* **Work instructions**
In the records below, find the line with "double-breasted shearling jacket pockets", then copy each line exactly until you have copied the line with "Alistair nodded, his". Leave any picture out.

--- Given records ---

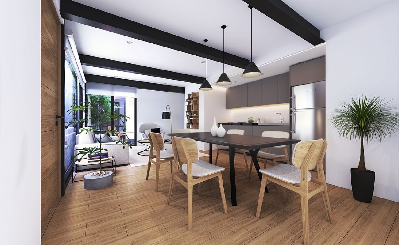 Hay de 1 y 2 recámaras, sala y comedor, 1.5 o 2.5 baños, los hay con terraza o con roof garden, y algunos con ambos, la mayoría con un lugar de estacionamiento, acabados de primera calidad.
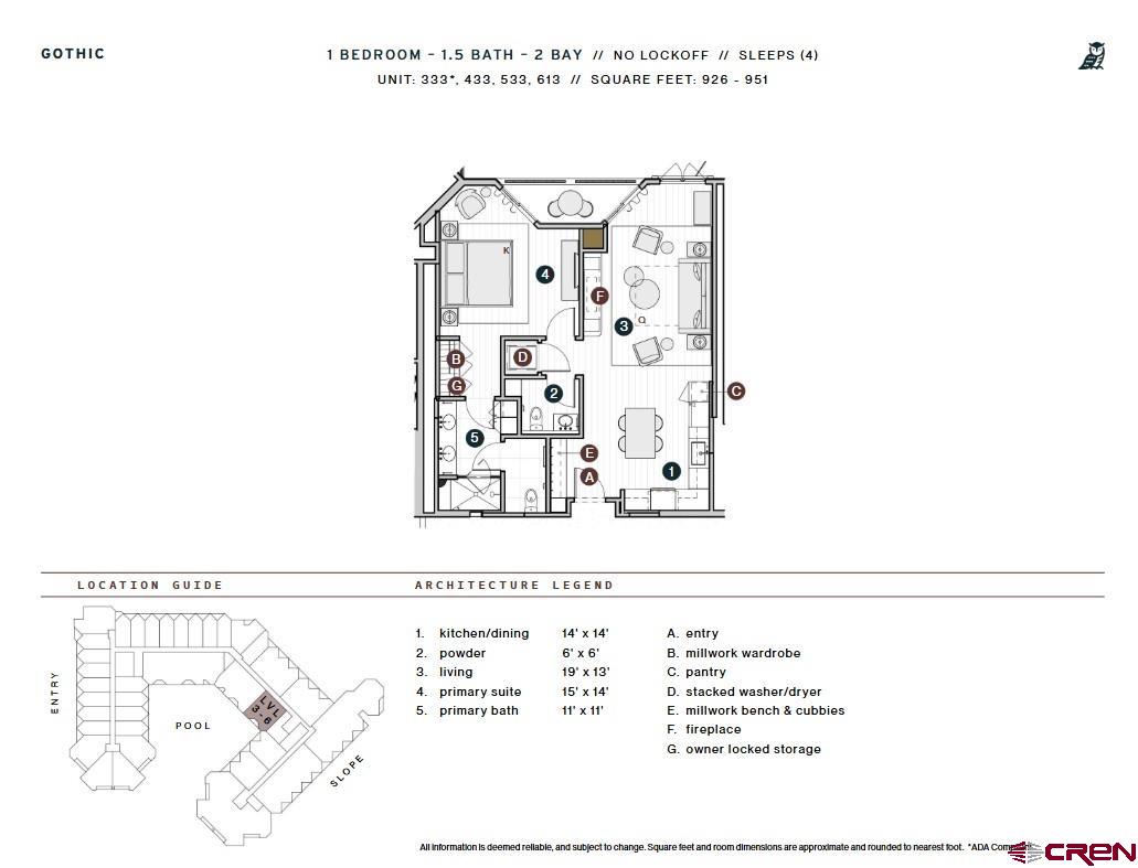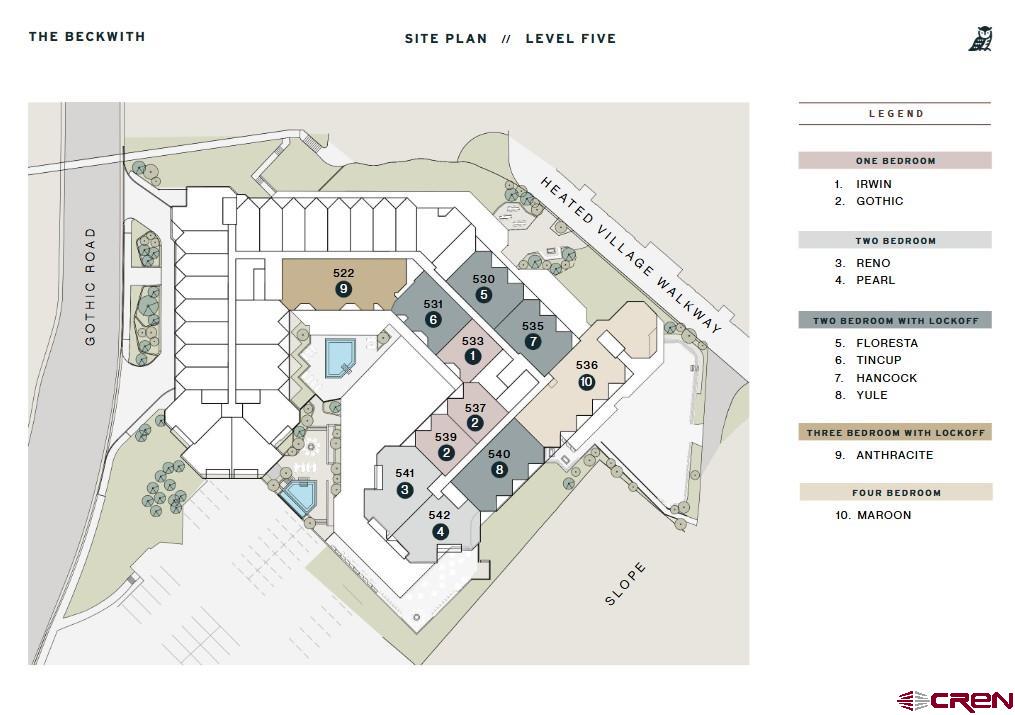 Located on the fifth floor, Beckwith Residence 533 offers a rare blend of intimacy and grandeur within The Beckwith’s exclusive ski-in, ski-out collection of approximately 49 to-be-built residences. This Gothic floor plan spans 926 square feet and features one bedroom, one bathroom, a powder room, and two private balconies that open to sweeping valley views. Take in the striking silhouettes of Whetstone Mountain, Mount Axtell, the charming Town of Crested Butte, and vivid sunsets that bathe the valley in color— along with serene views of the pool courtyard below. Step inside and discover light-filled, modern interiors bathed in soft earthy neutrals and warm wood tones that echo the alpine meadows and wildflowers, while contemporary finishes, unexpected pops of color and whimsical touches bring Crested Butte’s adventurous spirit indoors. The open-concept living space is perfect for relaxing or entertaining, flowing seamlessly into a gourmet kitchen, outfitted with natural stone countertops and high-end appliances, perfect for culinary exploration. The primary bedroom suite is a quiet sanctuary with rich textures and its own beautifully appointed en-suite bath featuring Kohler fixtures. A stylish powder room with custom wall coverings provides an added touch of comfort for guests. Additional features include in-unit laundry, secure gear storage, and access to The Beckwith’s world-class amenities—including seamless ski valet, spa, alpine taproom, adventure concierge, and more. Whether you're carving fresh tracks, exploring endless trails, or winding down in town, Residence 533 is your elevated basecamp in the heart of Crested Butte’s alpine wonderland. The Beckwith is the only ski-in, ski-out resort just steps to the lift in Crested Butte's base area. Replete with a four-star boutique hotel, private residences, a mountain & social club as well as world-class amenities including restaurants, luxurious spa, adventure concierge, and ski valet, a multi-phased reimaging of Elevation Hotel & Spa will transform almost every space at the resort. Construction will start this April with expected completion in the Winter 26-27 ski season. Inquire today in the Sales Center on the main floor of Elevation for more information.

---
--- Given records ---

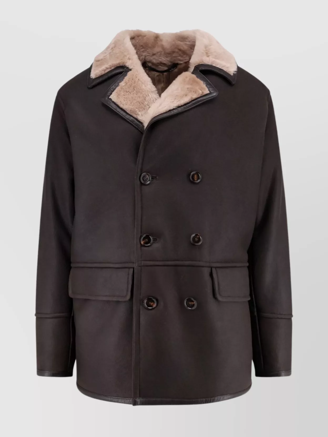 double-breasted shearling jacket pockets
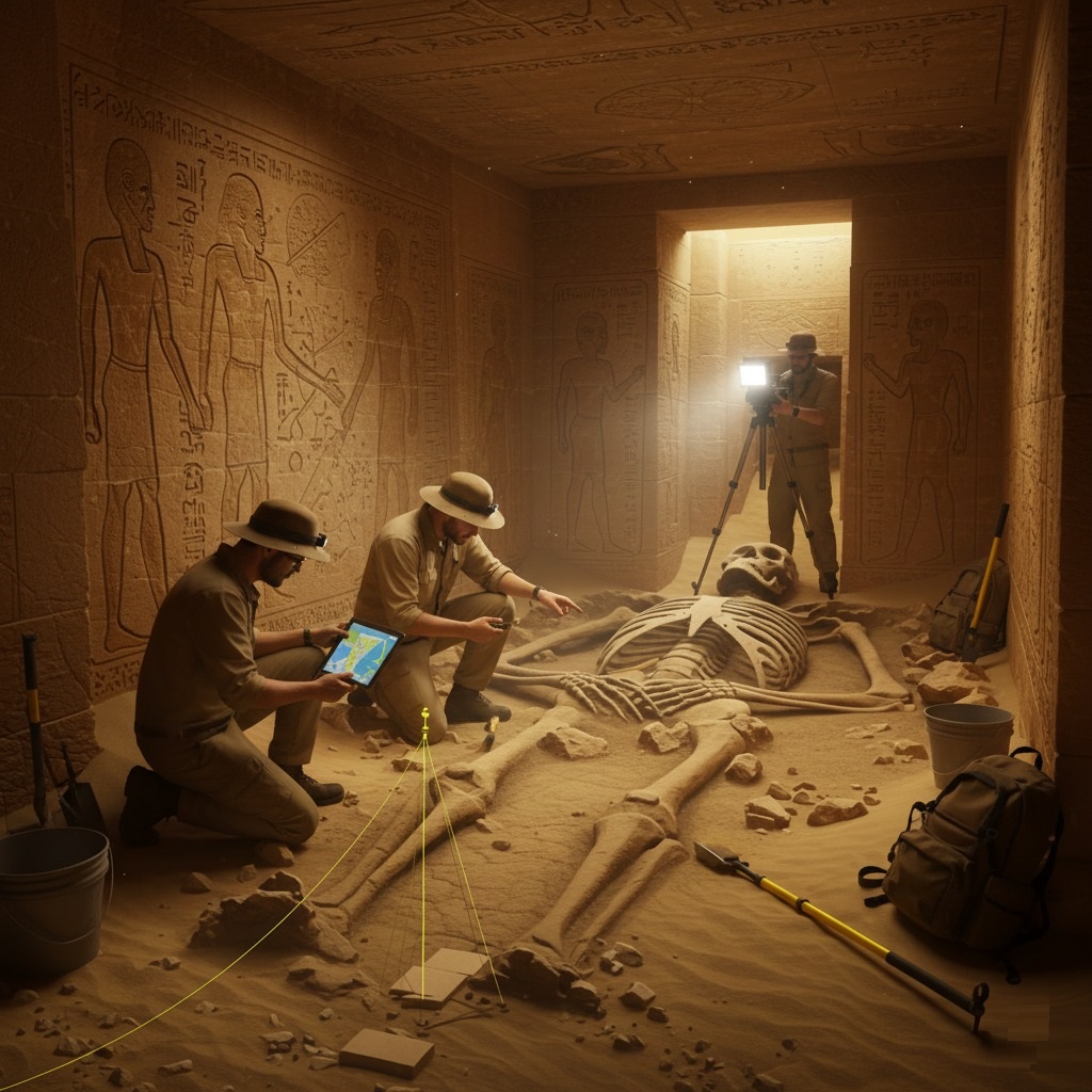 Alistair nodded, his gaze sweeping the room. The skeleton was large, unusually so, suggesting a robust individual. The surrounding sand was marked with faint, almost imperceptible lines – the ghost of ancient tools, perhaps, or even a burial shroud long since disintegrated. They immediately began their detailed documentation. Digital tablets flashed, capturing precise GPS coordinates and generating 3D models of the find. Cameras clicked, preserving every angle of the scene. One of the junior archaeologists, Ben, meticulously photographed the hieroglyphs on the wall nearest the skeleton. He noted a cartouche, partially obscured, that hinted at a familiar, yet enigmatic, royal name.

---
--- Given records ---

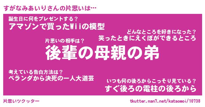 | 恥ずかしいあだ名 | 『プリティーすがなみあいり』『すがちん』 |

---

* **Answer to this exercise**
 double-breasted shearling jacket pockets
 Alistair nodded, his gaze sweeping the room. The skeleton was large, unusually so, suggesting a robust individual. The surrounding sand was marked with faint, almost imperceptible lines – the ghost of ancient tools, perhaps, or even a burial shroud long since disintegrated. They immediately began their detailed documentation. Digital tablets flashed, capturing precise GPS coordinates and generating 3D models of the find. Cameras clicked, preserving every angle of the scene. One of the junior archaeologists, Ben, meticulously photographed the hieroglyphs on the wall nearest the skeleton. He noted a cartouche, partially obscured, that hinted at a familiar, yet enigmatic, royal name.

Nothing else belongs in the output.